Tournament joie de vivre
Right, I would just like to give a big-bird-middle-finger salute, loud and proud, to all the dissers out there of the Olympic Games opening ceremony in The Olympic Stadium, London. Nearly all of them being British and the reason being for money. Yeah, that can't-live-with, can't-live-without element of our lives that makes the world go round.
So we are coming out of a world recession, so we need to channel money in the right areas right here and right now. The Olympic opening ceremony cost £27 million (if I'm not wrong) and does not stand in line with the last sentence I wrote. People thought it was generally a waste of time, effort and tax payers money. But I damn well loved it. Infact, as a Brit, I can't remember being so damn hyped for the Olympic Games as much as I am for this one. I couldn't give a s#@t how much it cost (especially as it being only a quarter of what Beijing spent in 2008), it was money well spent. It put the nation on a pedestal and brought people from around the world together. It was a cultural, artistic moment that set the games alight, of which the final moment of Sir Steve Redgrave running in with the torch and then the rising, flaming spires coming together to form the original and designtastic Olympic cauldron represented what the Games is about. It is a coming together, a celebration and a down-right jubilant moment. Let's get this party started.
I recently watched a documentary on the 'making' of London 2012, from the start of the derelict dump of Stratford to completion of the Olympic village and park. So if you want to talk money, it told us that it is the world's first sustainable Olympics, that pieces would be taken down and sold on to Brazil for Rio de Janeiro 2016, that 70% of demolished materials were used again and 85% of the contaminated land it all stood on was decontaminated - so much so, that a baby could dip it's fingers in the soil and then lick them clean. And all for £800 million under budget. Are you gonna have a moan now at the opening ceremony being a waste of money? And what about speculate to accumulate?

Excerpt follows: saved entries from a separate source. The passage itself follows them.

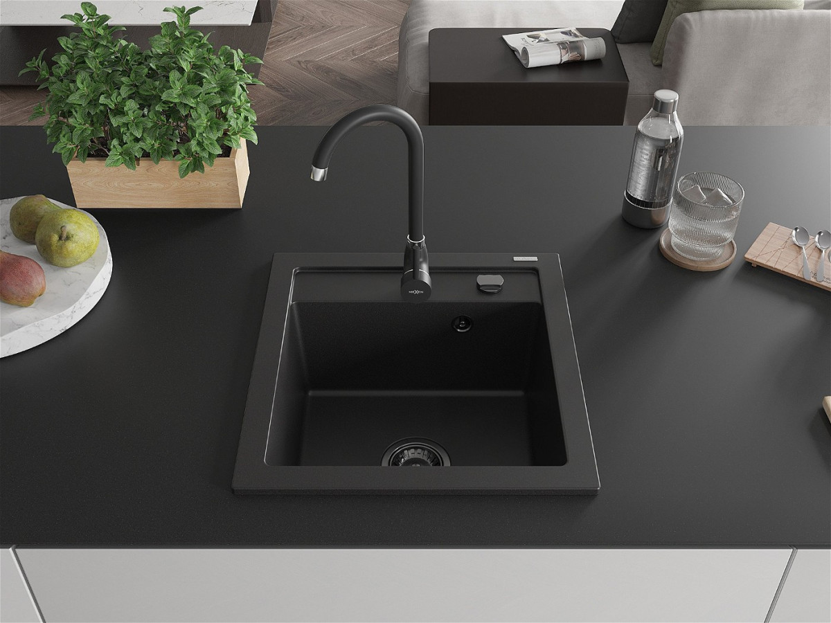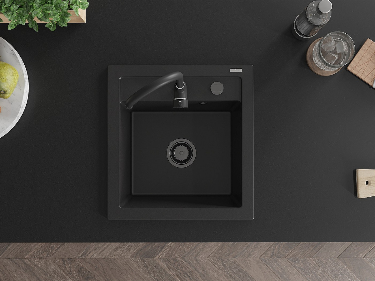 Mexen Vito Chiuveta bucatarie granit 1 cuva + cadou pop up sifon 520 x 490 mm, negru , sifon negru - 6503521000-77-B Prezentarea
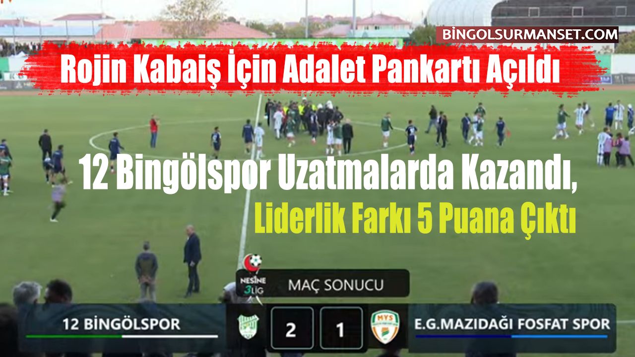 Nesine 3. Lig 2. Grupta liderliğini korumaya çalışan 12 Bingölspor, kendi sahasında Mazıdağı Fosfatspor'u ağırladı. Normal süresi 1-1 biten karşılaşmada, 12 Bingölspor uzatma dakikalarında bulduğu golle maçı 2-1 kazandı. Bu sonuçla puanını 21'e yükselten 12 Bingölspor, en yakın rakibi Niğde Belediyespor'a 5 puan fark attı.
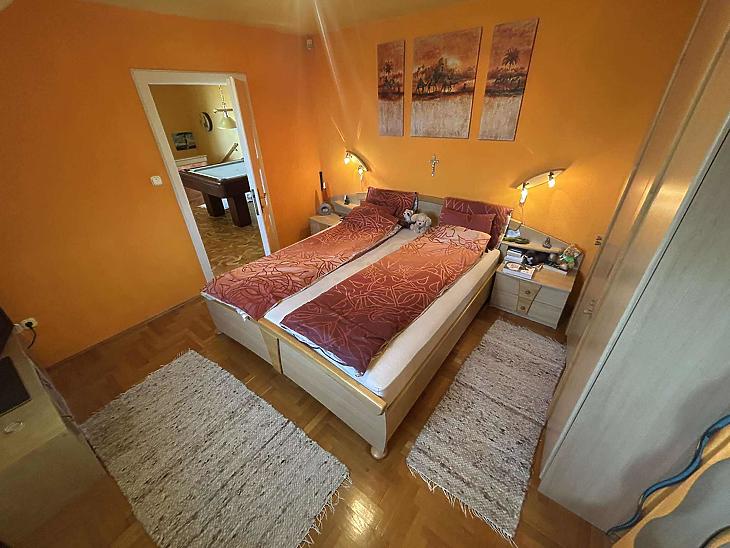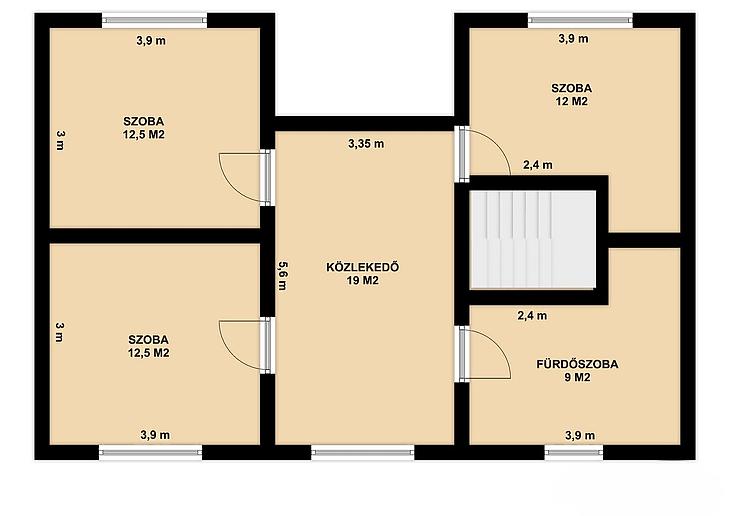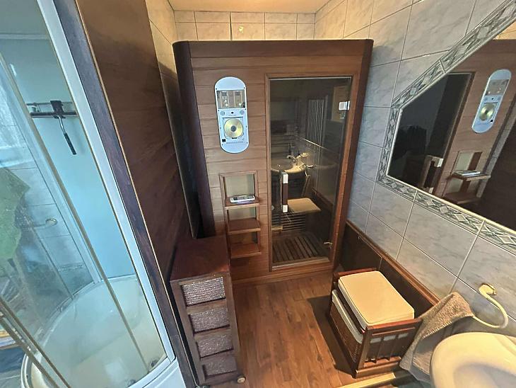 Emelet: 3 szoba, közösségi tér, zuhanyzós fürdőszoba + WC + infra szauna.
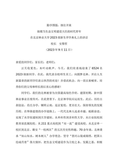 / 领导讲话:20230911在北京林业大学2023级新生开学典礼上的讲话——校长 安黎哲
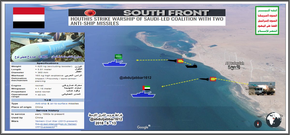 Попытка высадки десанта в порту Ходейды провалилась. Хуситы уничтожили один из десантных кораблей получивший попадание двух противокорабельных ракет https://almasirah.net/gallery/preview.php?file_id=17241 (хуситы утверждают, что ночью после сильного пожара и эвакуации погибших, корабль был оставлен экипажем и затонул) и фактически сорвали организованную высадку. Среди погибших были матросы и офицеры флота ОАЭ. Хуситы заявляют, что располагают силами и средствами для уничтожения и других кораблей интервентов у западного побережья Йемена.
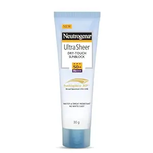 Product Title = Neutrogena Ultra Sheer Sunscreen SPF 50+ | Broad Spectrum UVA/UVB | Blue light protect | No White Cast | Water resistant, Ultra light & Non sticky | Oily, Dry & Sensitive Skin | 30 g (Pack of 1)
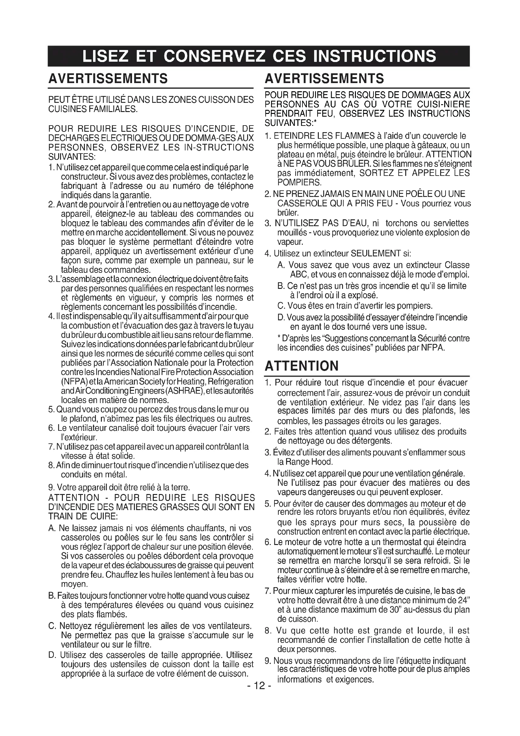 D’INCENDIE DES MATIERES GRASSES QUI SONT EN TRAIN DE CUIRE: A. Ne laissez jamais ni vos éléments chauffants, ni vos casseroles ou poêles sur le feu sans les contrôler si vous réglez l’apport de chaleur sur une position élevée. Si vos casseroles ou poêles débordent cela provoque de la vapeur et des éclaboussures de graisse qui peuvent prendre feu. Chauffez les huiles lentement à feu bas ou moyen. B. Faites toujours fonctionner votre hotte quand vous cuisez à des températures élevées ou quand vous cuisinez des plats flambés. C. Nettoyez régulièrement les ailes de vos ventilateurs. Ne permettez pas que la graisse s’accumule sur le ventilateur ou sur le filtre. D. Utilisez des casseroles de taille appropriée. Utilisez toujours des ustensiles de cuisson dont la taille est appropriée à la surface de votre élément de cuisson. AVERTISSEMENTS POUR REDUIRE LES RISQUES DE DOMMAGES AUX
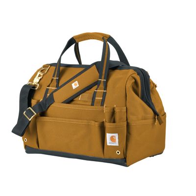 Get the job done right the first time with the Carhartt Legacy Tool Bag. Perfect for the DIY-er and those who show up to the job site every day. Constructed of heavy-duty 1200D Poly with Rain Defender durable water repellent, this rugged bag can handle even the toughest jobs. It also features a Duravax abrasion-resistant base or custom molded load-bearing base, both of which provide extra protection from hazardous job site conditions as well as scrapes and punctures from tools. Note the triple needle stitch provides reinforcement where it counts. The internal metal frame offers structure to the bag so you can get in and get out without it collapsing in on itself. Tools stay organized and easy to find with a variety of different sized pockets and loops.
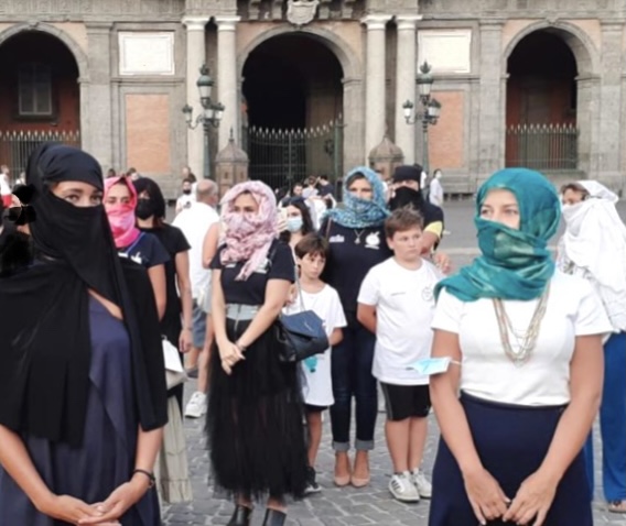 Napoli. Grande eco per la manifestazione #iononmicoprogliocchi, che si è svolta a Piazza del Plebiscito mirata a sollecitare l’attenzione sulla tragedia dell’Afganistan rioccupato dai talebani, che ha riscosso una notevole adesione.

Do you know, why the hell am I taking about money here now?? I work in sales and as important as money is to me, it is not everything. I consider myself to be in a healthy position being like that. This is all about the sport, all about the great stage in my own country (and I really wish I was back there in the middle of it). It is something that only comes around once every four years like the football World Cup and so many other tournaments, and it brings so much joie de vivre. As a sportsman I have been on a constant buzz. I have watched nothing else on the TV, flicking between just two channels for the last 10 days. Last night I witnessed a pinnacle of sporting phenomenalism in Usain Bolt. Despite being in the off-season and loving the summer rest, I have been dribbling my hockey ball with my stick around my apartment; watching hockey everyday at these games is driving my will to pre-season training.
It's not only the Olympics; in June we had the football Euro Championship, another month of joie de vivre for me. The Olympics only last two-and-a-half weeks, but by God let's party through them. Ce-le-bra-tion time c'mon. Because that is what a tournament is. They come and go, and they can engross us and spark our emotions in so many ways. Joy, elation, determination, anger, pain, relief, dejection, disbelief, shock, happiness, satisfaction, respect. That Olympic cauldron could well be a meltin' pot of every kind of burning emotion there is in the stadium. It brings all the ingredients of life together in the same recipe. Just add people and mix. I smile watching every event.
Buzz.
Alive.
Every hockey tournament I have played in is the same. I set out my stall and dive headlong at them. Whether it is a serious one with sporting prowess at stake, or a summer social, fun one flowing in beer. I don't just play them, I live them. I remember in 2005 playing in the European Cup Winner's Cup in Lille, France. I played, lived and breathed hockey for 6 whole days with a band of brothers. I got home aching and tired, my legs running on empty, the callouses at the base of my fingers from years of holding a stick harder then ever, but so damn happy. My body needed a complete rest but my mind never rests; it hit dribbled, passed and celebrated many more hockey balls over the following days. It is doing it right now. And we didn't even come anywhere near winning. I witnessed Club Campo de Madrid lift the cup and sing and dance their way out the stadium and I applauded them. I played against Olympic gold medalists, I made new friends. I even got all the French kids involved in cheering for us. They are the future, we need to make these occasions great for them because how they grow will be how they will run the world in years to come...even though that goes further than sport. Instead of emulating Jordan, The only way is Essex, Geordie shore and Big Brother contestants, we need our kids to look at Brits like Jessica Ennis, Sir Chris Hoye, Mo Farah and so many more. And as the world comes together in these moments, how can anyone not look up to Usain Bolt?
I think everyone needs a tournament in their lives, everyone needs that buzz and to feel alive, whether you like sport or not. I think everyone can at least appreciate it. The whole recipe is there in the Olympic cauldron; go on, take a spoon, stir, dip it in and try it. It has set the country and myself alight. So once again, just in case you didn't get it the first time, a big middle finger in ya face to the killjoys. Olympic or not, you need to see the flame burning bright in your day.